Jayaramu Veianthan, Zulkafli Zed, De Stercke Simon, Buytaert Wouter, Rahmat Fariq, Abdul Rahman Ribhan Zafira, Ishak Asnor Juraiza, Tahir Wardah, Ab Rahman Jamalludin, Mohd Fuzi Nik Mohd Hafiz
Department of Civil Engineering, Universiti Putra Malaysia, Serdang, Malaysia.
Department of Civil and Environmental Engineering, Imperial College London, London, UK.
Int J Biometeorol. 2023 Mar;67(3):423-437. doi: 10.1007/s00484-022-02422-y. Epub 2023 Jan 31.
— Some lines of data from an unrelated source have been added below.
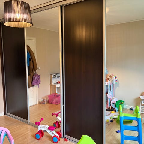 Skjutdörrar med speglar säljs i befintligt skick.
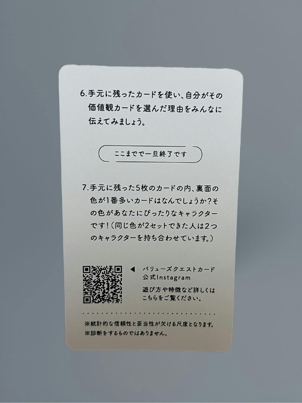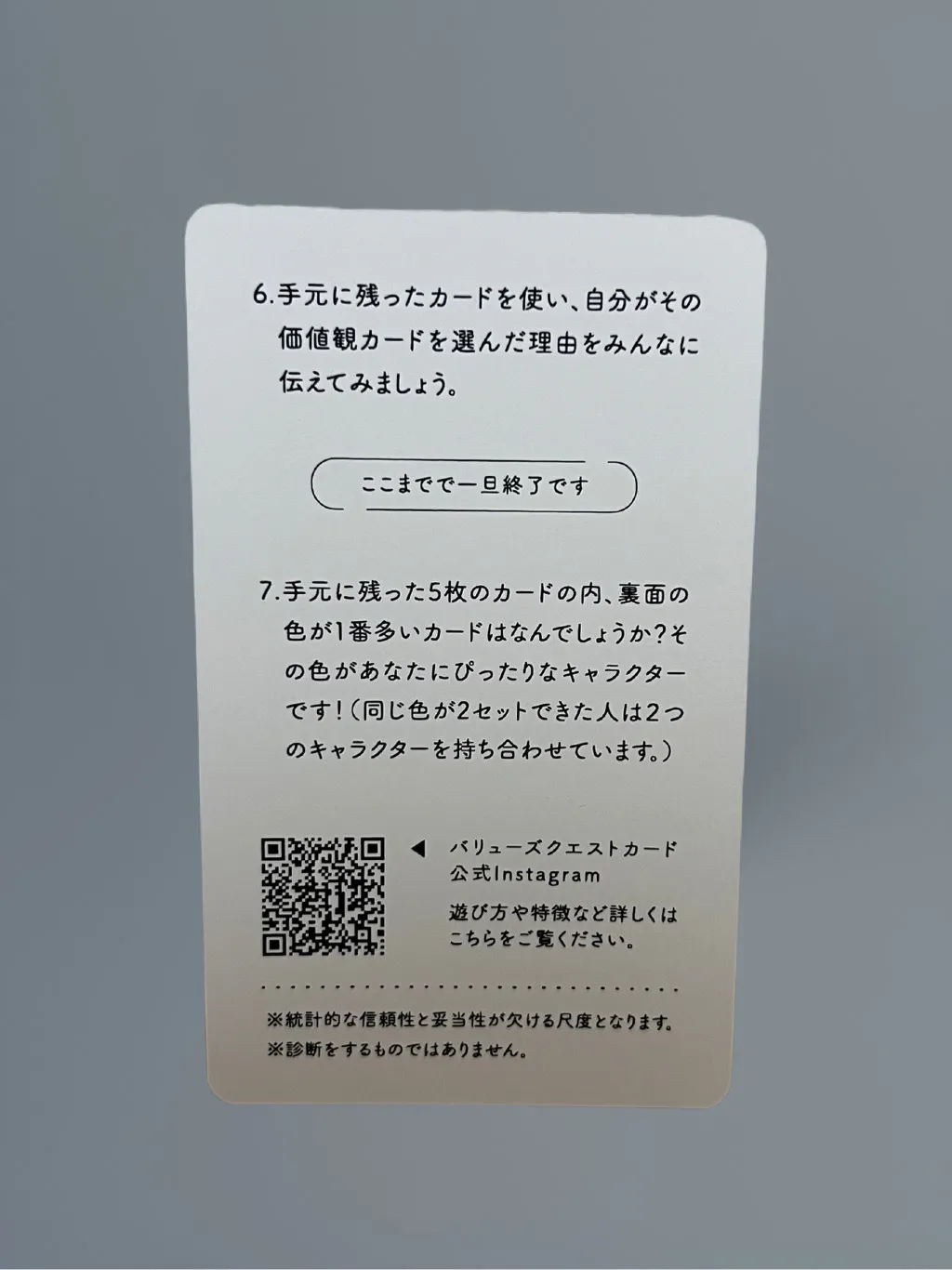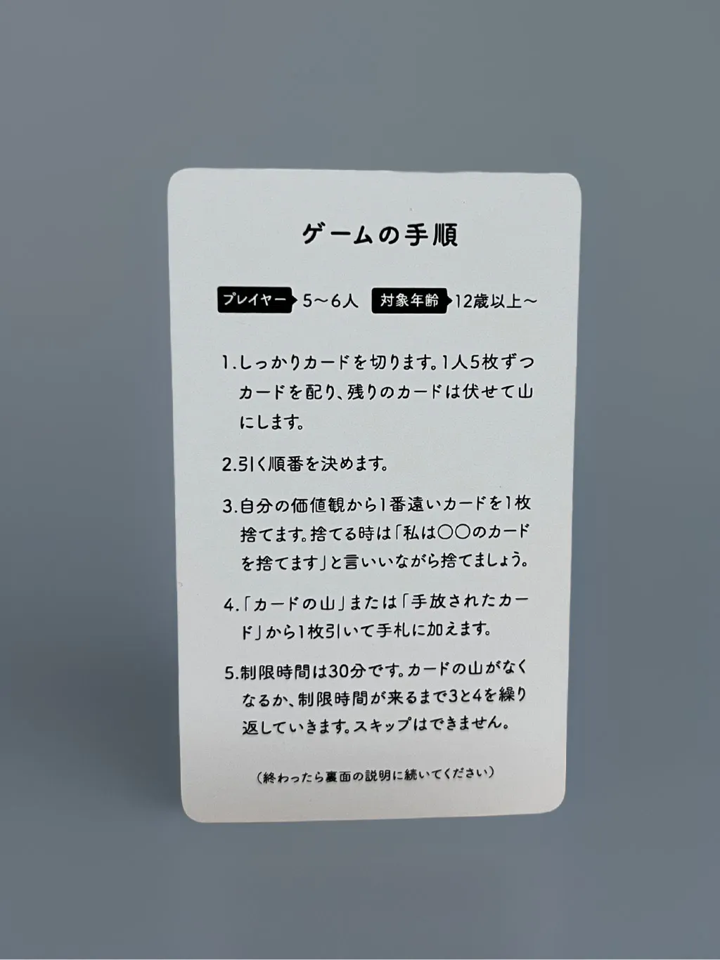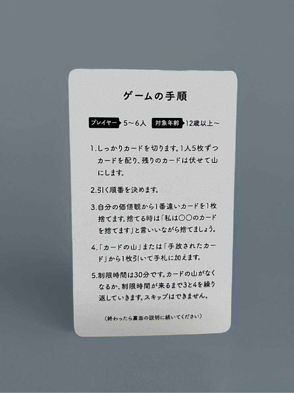 このカードゲームは、家族や友人、会社の同僚、スポーツチームなど、さまざまな場面で活用できます。皆様がこのゲームを通じて、より深いコミュニケーションを築き、自分自身や他者の価値観を理解する一助となれば幸いです。
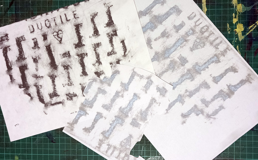When I got back, I photocopied some of the rubbings – the copier changed the colour from black/grey to shades of greyish blue and degraded the quality of the image a bit. I cut up some of these degraded images and played around with them on dark blue card.
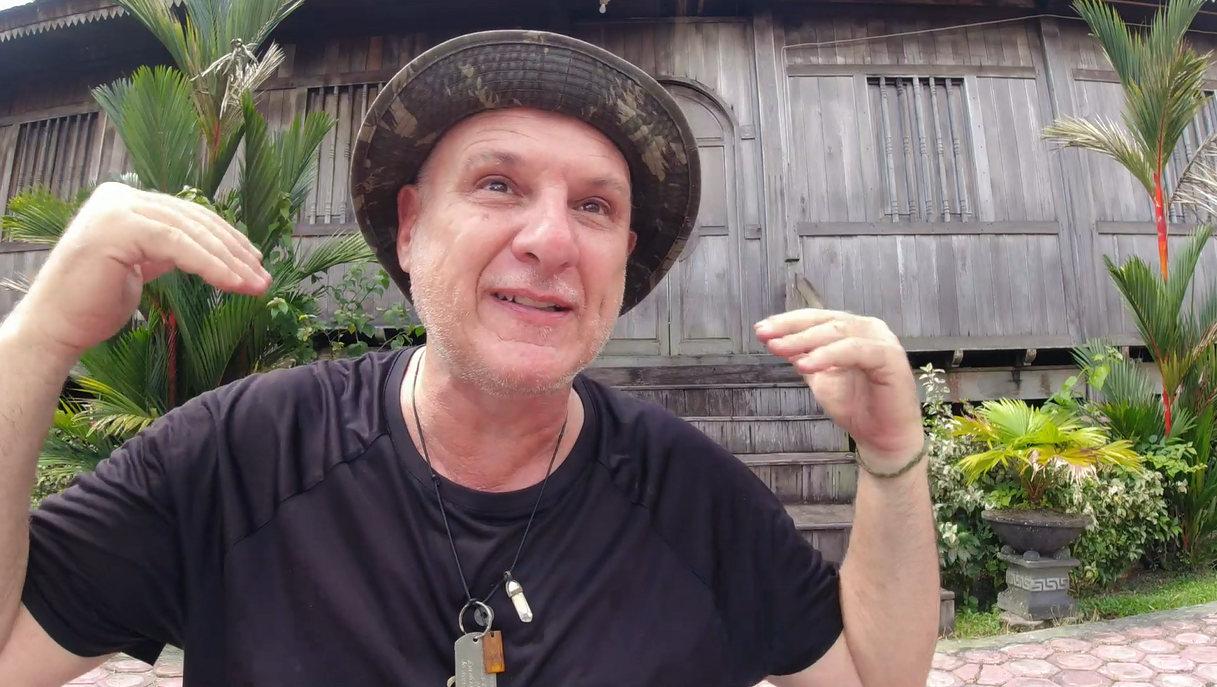 A minha conversa com Toco para a Corda começou no final de maio deste ano. Portanto, em maio, eu perguntei pra ele: Onde você está agora? Eu estou em Kalimantan, na selva de Borneu, na parte indonésia, na casa do último sultão, que caiu em 1949. A casa aí do fundo era a casa do sultão.
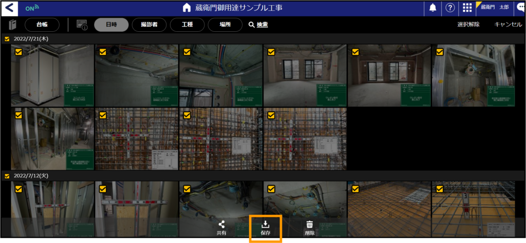 『蔵衛門プレミアム』の場合、写真を選択して「一括保存」することができます。
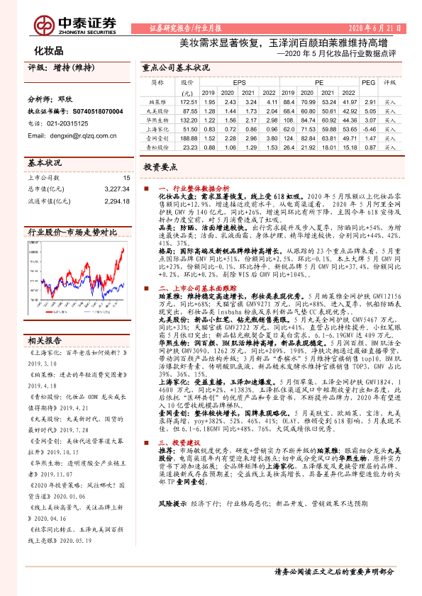 【中泰证券】【20200621】2020年5月化妆品行业数据点评:美妆需求显著恢复,玉泽润百颜珀莱雅维持高增-15页
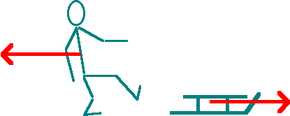 Pęd niesiony przez sanki (w prawo) jest równy co do wartości pędowi odbieranemu przez człowieka (w lewo). Opisany przykład ilustruje tzw. zasadę odrzutu. Chciałbym tu jeszcze raz zwrócić uwagę na to, że powiedziane było o kierunku (choć właściwie precyzyjniej byłoby mówić o "zwrocie") pędu. Bo: pęd, jako wielkość wektorowa, ma zwrot, kierunek i wartość. Wynika stąd też, że zasadę zachowania pędu powinniśmy raczej zapisać wzorem ze strzałkami nad wektorami pędu i siły: |
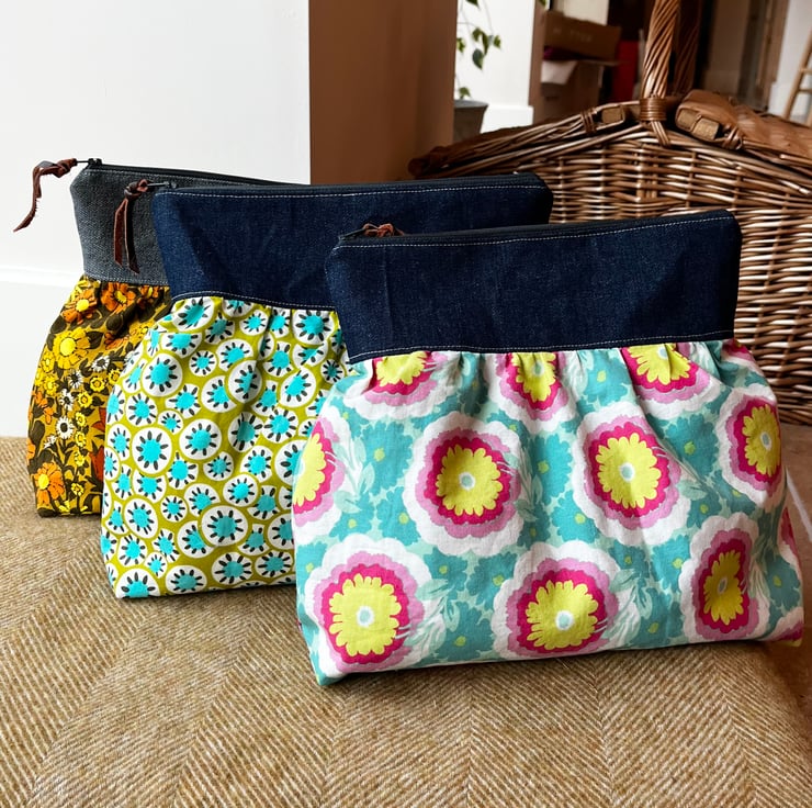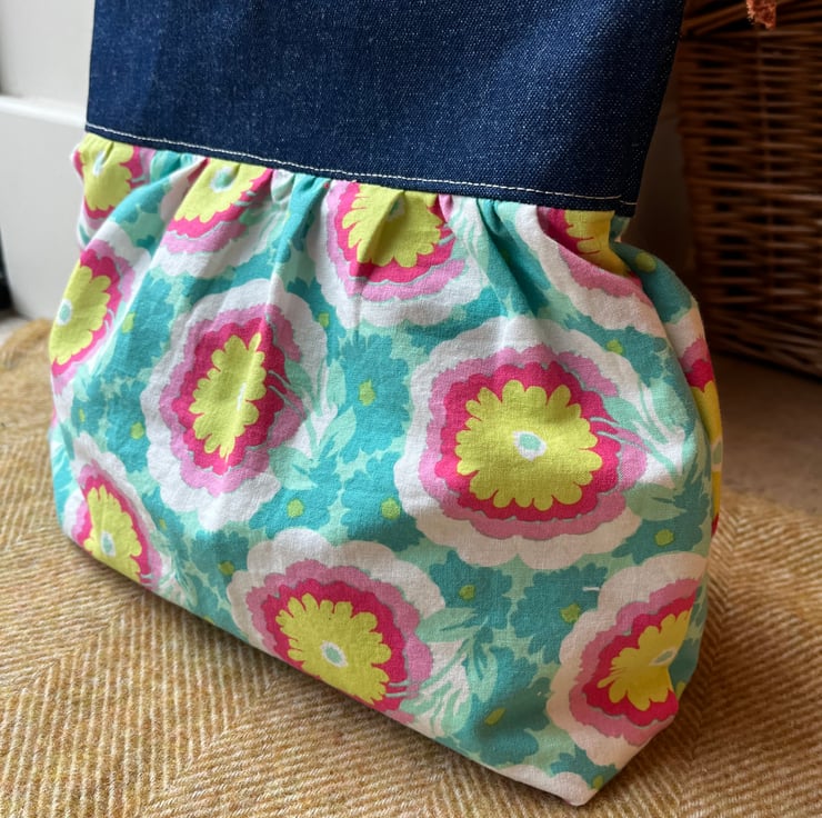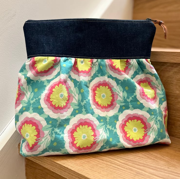 Zip pouch with a spacious gathered body made from pretty floral cotton and a band of dark denim. The bag is fully lined with thick cotton-mix gingham reclaimed from curtains.
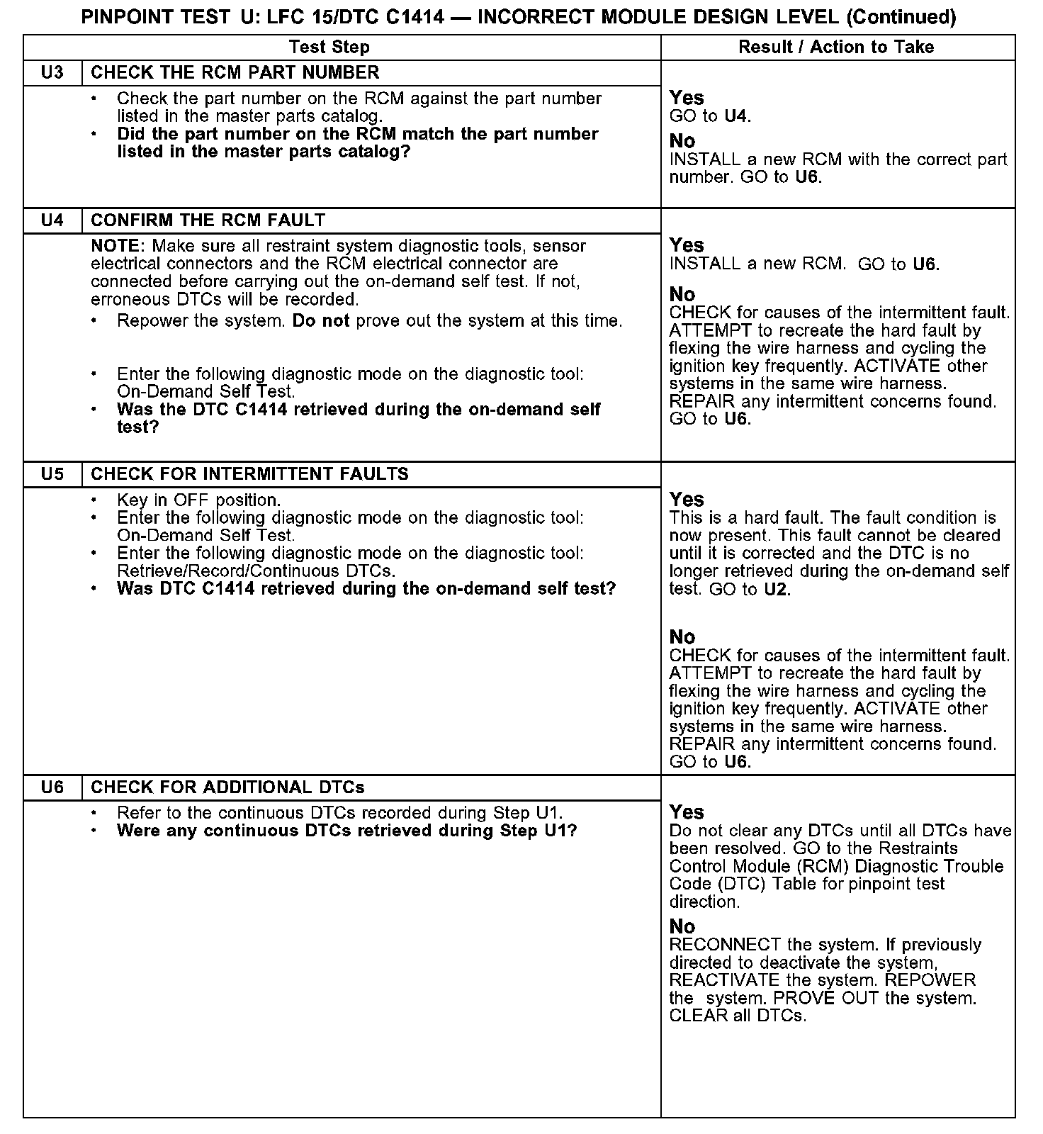 PINPOINT TEST U: LFC 15/DTC C1414 - INCORRECT MODULE DESIGN LEVELU1-U2:

Leptospirosis is a zoonosis that has been linked to hydrometeorological variability. Hydrometeorological averages and extremes have been used before as drivers in the statistical prediction of disease. However, their importance and predictive capacity are still little known. In this study, the use of a random forest classifier was explored to analyze the relative importance of hydrometeorological indices in developing the leptospirosis model and to evaluate the performance of models based on the type of indices used, using case data from three districts in Kelantan, Malaysia, that experience annual monsoonal rainfall and flooding. First, hydrometeorological data including rainfall, streamflow, water level, relative humidity, and temperature were transformed into 164 weekly average and extreme indices in accordance with the Expert Team on Climate Change Detection and Indices (ETCCDI). Then, weekly case occurrences were classified into binary classes "high" and "low" based on an average threshold. Seventeen models based on "average," "extreme," and "mixed" indices were trained by optimizing the feature subsets based on the model computed mean decrease Gini (MDG) scores. The variable importance was assessed through cross-correlation analysis and the MDG score. The average and extreme models showed similar prediction accuracy ranges (61.5-76.1% and 72.3-77.0%) while the mixed models showed an improvement (71.7-82.6% prediction accuracy). An extreme model was the most sensitive while an average model was the most specific. The time lag associated with the driving indices agreed with the seasonality of the monsoon. The rainfall variable (extreme) was the most important in classifying the leptospirosis occurrence while streamflow was the least important despite showing higher correlations with leptospirosis.
钩端螺旋体病是一种人畜共患病,与水文气象变化有关。水文气象平均值和极值以前曾被用作疾病统计预测的驱动因素。然而,它们的重要性和预测能力仍然鲜为人知。在本研究中,利用马来西亚吉兰丹三个地区的病例数据,这些地区每年都有季风降雨和洪水,探讨使用随机森林分类器来分析水文气象指数在建立钩端螺旋体病模型中的相对重要性,并根据所使用的指数类型评估模型的性能。首先,根据气候变化检测与指数专家小组(ETCCDI),将包括降雨量、流量、水位、相对湿度和温度在内的水文气象数据转换为164个每周平均值和极值指数。然后,根据平均阈值将每周病例发生情况分为“高”和“低”两个二元类别。基于“平均”、“极值”和“混合”指数的17个模型通过基于模型计算的平均基尼系数下降(MDG)分数优化特征子集进行训练。通过互相关分析和MDG分数评估变量重要性。平均模型和极值模型显示出相似的预测准确率范围(61.5-76.1%和72.3-77.0%),而混合模型显示出改进(预测准确率71.7-82.6%)。极值模型最敏感,而平均模型最具特异性。与驱动指数相关的时间滞后与季风的季节性一致。降雨变量(极值)在钩端螺旋体病发生分类中最重要,而流量尽管与钩端螺旋体病显示出较高的相关性,但最不重要。